Year : 2009 | Volume
: 2 | Issue : 1 | Page : 33--35
Combination technique of radiofrequency ablation with sclerotherapy in acquired lymphangiectasis of the vulva
Department of Dermatology, VM Medical College and Safdarjang Hospital, New Delhi, India
Uu-191, Pitampura, Delhi - 110 088
Aquired lymphangiectasis of the vulva is an uncommon condition and only few cases have been reported following tuberculous lymphadenitis. A case is reported that was successfully treated with a unique combination therapy of radiofrequency ablation and sclerotherapy with polidocanol. There was no recurrence at two years of follow-up.

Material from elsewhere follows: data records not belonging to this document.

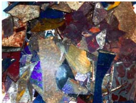
Fragments of Stained Glass

The piece, entitled “Peace Be Within These Walls,” is meant to be a work of art that chronicles the museum’s thirty years, while speaking to larger themes. A work of art that speaks to our spirit, touches our soul, and looks forward to the next chapter in our history. The piece will be unveiled during the museum’s 30th Anniversary Celebration, on February 22, 2014. After, it will then permanently installed in the museum’s lobby with custom lighting.
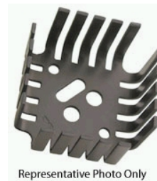
Representative Photo Only

Part Number - 552703B00000G RoHS Compliant
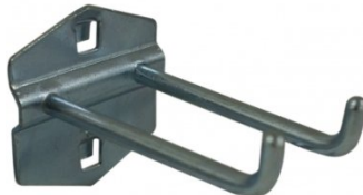
A442 Hook - Double Prong
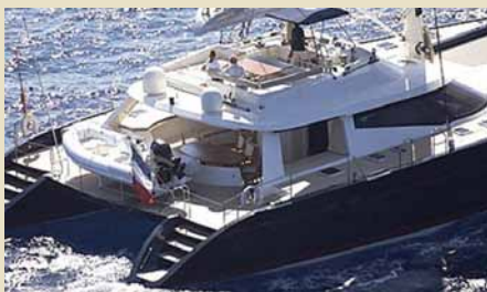
NAHEMA IV 21.95 m 8/3 West Mediterranean – Caribbean 32,000 29,000 €/week
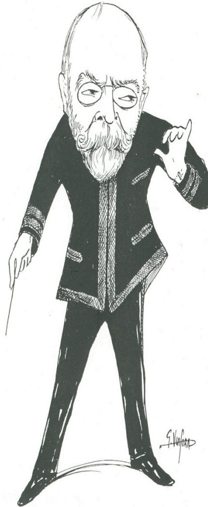
John Philip Sousa, Whose Melodious and Stirring Band Music Has Carried His Name as an American Composer All Over the World

MUSICAL AMERICA'S GALLERY OF CELEBRITIES—No. 26
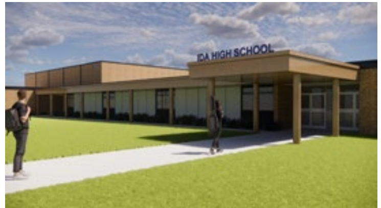
New secure entrance
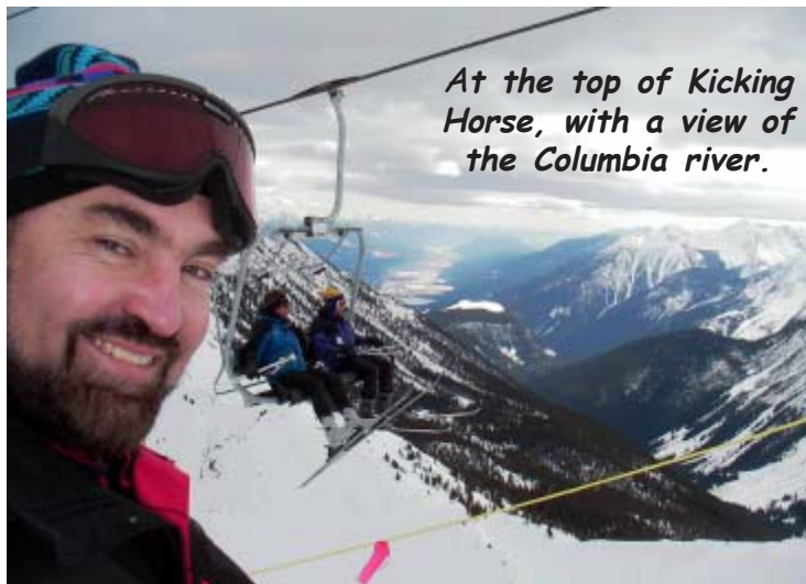
At the top of Kicking Horse, with a view of the Columbia river.

I began on the north end, at the town of Golden and the Kicking Horse ski area. You can get there within less than 2 hours from Banff, or within about 4 hours from Kelowna. At the southern end, Kimberley is about 2.5 hours north of Sandpoint, ID.
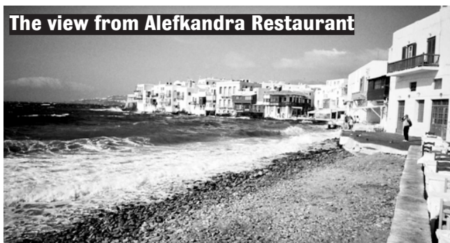
The view from Alefkandra Restaurant
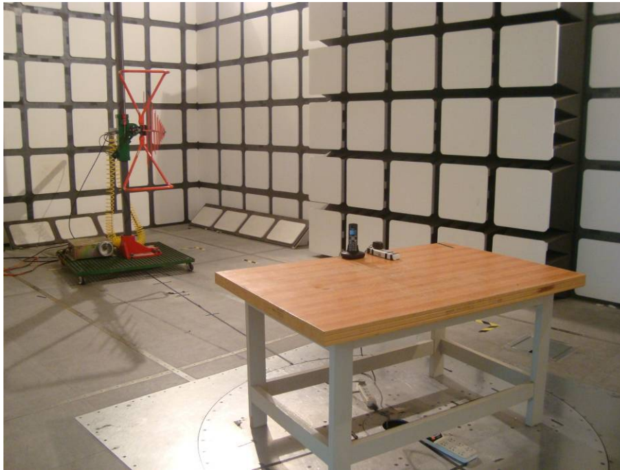
Radiated Emissions - Rear View (30 MHz-1000 MHz, charging mode)

|How to cite this article:|
Khunger N. Combination technique of radiofrequency ablation with sclerotherapy in acquired lymphangiectasis of the vulva.J Cutan Aesthet Surg 2009;2:33-35
|How to cite this URL:|
Khunger N. Combination technique of radiofrequency ablation with sclerotherapy in acquired lymphangiectasis of the vulva. J Cutan Aesthet Surg [serial online] 2009 [cited 2019 Oct 20 ];2:33-35
Available from: http://www.jcasonline.com/text.asp?2009/2/1/33/53098
Lymphangiomas are rare benign proliferations of the lymphatic system and may be primary, occurring de novo in early childhood or sometimes later in life or secondary due to impaired lymphatic flow following destruction of the lymphatic channels due to disease, surgery or radiation. Secondary lymphangioma also called acquired lymphangioma or lymphangiectasis (AL) is a condition in which dilated superficial lymphatics develop after damage to previously normal lymphatics. AL is clinically and histologically indistinguishable from congenital lymphangioma circumscriptum. It is a difficult condition to treat as it tends to be chronic and recurrent, involving a large surface area, hence making surgical excision difficult. Superficial ablative techniques like CO 2 lasers, electrotherapy and radiosurgery are palliative and usually followed by recurrences. A case of AL of the vulva is presented here treated by a novel combination technique of radiofrequency ablation with sclerotherapy with a successful outcome. Long-term follow-up was satisfactory.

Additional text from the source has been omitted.